Виктор достал из бумажника фотографию и протянул ее мне. Эта девушка на фотографии была даже еще красивее той, что пила с нами. И мало того, что была красивее, в ней было что-то такое хорошее, что живет в ней давно и проживет еще долго. Это видно было по ее лицу так же ясно, как и самое лицо.
– Очень красивая девушка, – сказал я. – Кто она такая?
– Дочка одной из подруг моей матери, они наши соседи. Ей только семнадцать сейчас, но мы уже давно любим друг друга, и как только война кончится, мы поженимся.
Так мы с Виктором сидели, пили и болтали. Немного погодя я стал как будто понимать его и его семью, но все-таки кое-что в их жизни осталось для меня неясно – слишком уж много всякого происходило с ними в одно и то же время. Однако сами они как будто ухитрялись оставаться честными, порядочными людьми.
Глава 14
Джо Фоксхол, Виктор Тоска и Весли Джексон проводят ночь в Чикаго по дороге в Нью-Йорк
Для нас троих из роты «Б», назначенных в Нью-Йорк – Джо Фоксхола, Виктора Тоска и меня, – наступил наконец долгожданный день отъезда. Стоило нам сесть в поезд, как Джо Фоксхол сразу заговорил:
– О чем я позабыл тебе сказать, – начал он, – так это о постоянном чувстве подавленности, которое угнетает наше сознание с того момента, как нас начинают перерабатывать из свободной человеческой личности в то, что наши офицеры любят называть бойцом. Несомненно, всякий человек, попав в армию, становится бойцом, но мне кажется, это не совсем тот боец, которого имеют в виду офицеры. Он вступает в битву против скуки, безнадежности и целой армии мелких притеснений, которые как будто специально придуманы для того, чтобы низвести человека до уровня человекоподобной обезьяны порядковый номер такой-то.

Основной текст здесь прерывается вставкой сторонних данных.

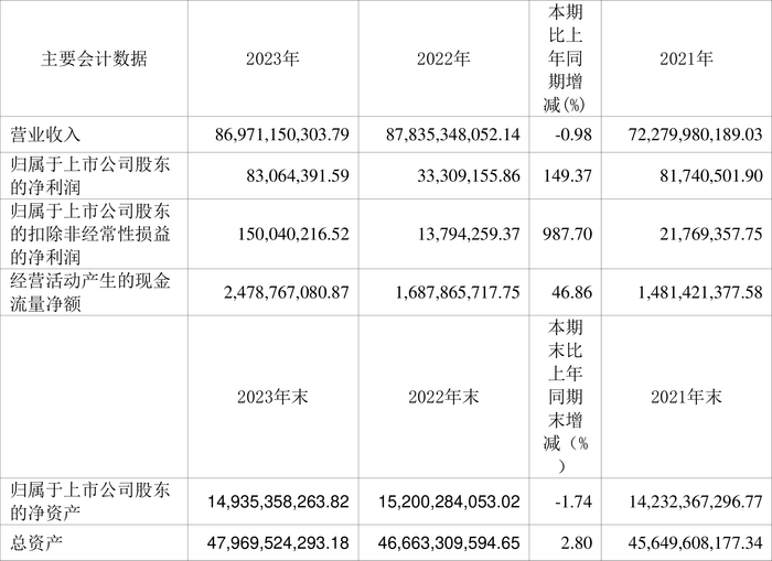 2023年,公司经营活动现金流净额为24.79亿元,同比增长46.86%;筹资活动现金流净额-4.25亿元,同比增加25.72亿元;投资活动现金流净额-13.04亿元,上年同期为5.17亿元。

– Иными словами, – продолжал Джо, – он бьется за свободу своей собственной маленькой нации, которую составляет он один и никто другой во всем мире. И ему совсем не кажется, что он борется за нечто слишком уж малое. Он сражается со всеми мелкими группировками условий и обстоятельств, которые стремятся напасть на него из-за угла и по возможности сломить его дух. Он борется против всяческих унижений и оскорблений. Но такая борьба всегда безнадежна, ибо неприятельские резервы неисчерпаемы. Что бы с ним вообще ни происходило, наяву или во сне, все равно его неизменно угнетают. Это как болезнь, которую невозможно излечить. Единственное лекарство – это всеобщий мир и извещение о том, что от вас больше не требуется делать то, что вам «приказано», можете отправляться домой и быть счастливым или несчастливым и делать все, что вам нравится. Есть, конечно, еще одно лекарство, но оно не по мне. Смерть – это тоже лекарство от кори, но я вам его не советую.
Когда поезд отошел от вокзала и повез нас в наше долгое путешествие через всю страну, мы все трое повеселели. К тому же приближалось Рождество, а это мое любимое время в году.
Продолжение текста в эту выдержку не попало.